Give again, word for word, every line in the entries below from the line with "- Tabletop Diameter Measures 15.75 inches." up to and including the line with "上記の中で DATABASE_URL, SECRET_KEY", and no other line.

§ **RECORDS FOR THE EXERCISE**
»»
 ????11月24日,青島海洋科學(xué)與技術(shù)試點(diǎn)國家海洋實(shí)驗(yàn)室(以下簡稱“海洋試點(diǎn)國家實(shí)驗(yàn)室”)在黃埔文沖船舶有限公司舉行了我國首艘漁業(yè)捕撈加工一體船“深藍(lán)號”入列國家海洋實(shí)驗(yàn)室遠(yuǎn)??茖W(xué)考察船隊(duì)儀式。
««
»»
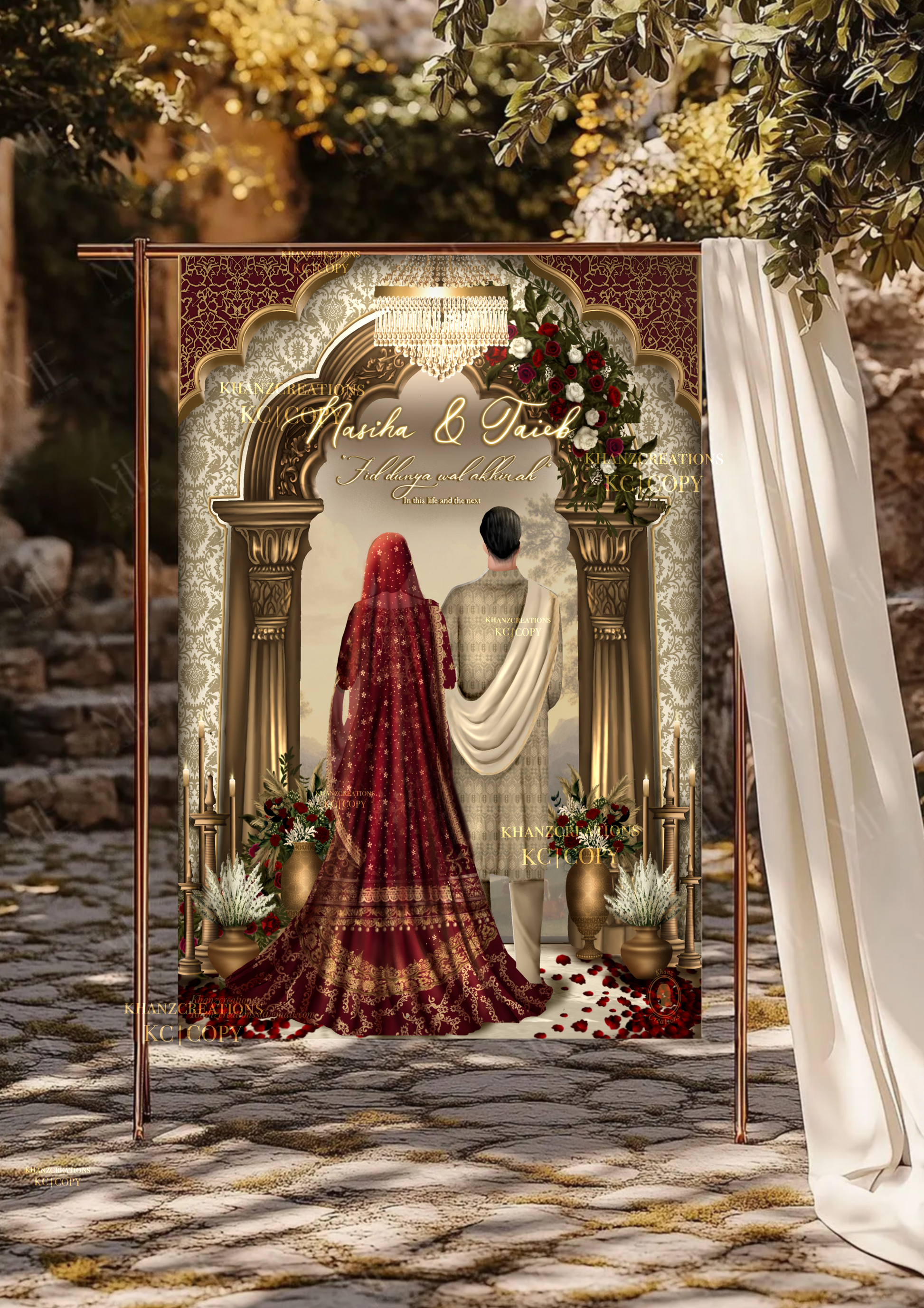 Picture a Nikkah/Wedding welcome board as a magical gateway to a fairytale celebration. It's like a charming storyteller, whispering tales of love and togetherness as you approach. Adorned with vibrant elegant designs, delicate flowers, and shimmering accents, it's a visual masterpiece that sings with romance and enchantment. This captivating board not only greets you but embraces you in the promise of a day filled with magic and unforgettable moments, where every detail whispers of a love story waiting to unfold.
««
»»
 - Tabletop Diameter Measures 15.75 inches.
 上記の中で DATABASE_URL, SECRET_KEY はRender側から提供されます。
««
§ **EXERCISE ANSWER**
 - Tabletop Diameter Measures 15.75 inches.
 上記の中で DATABASE_URL, SECRET_KEY はRender側から提供されます。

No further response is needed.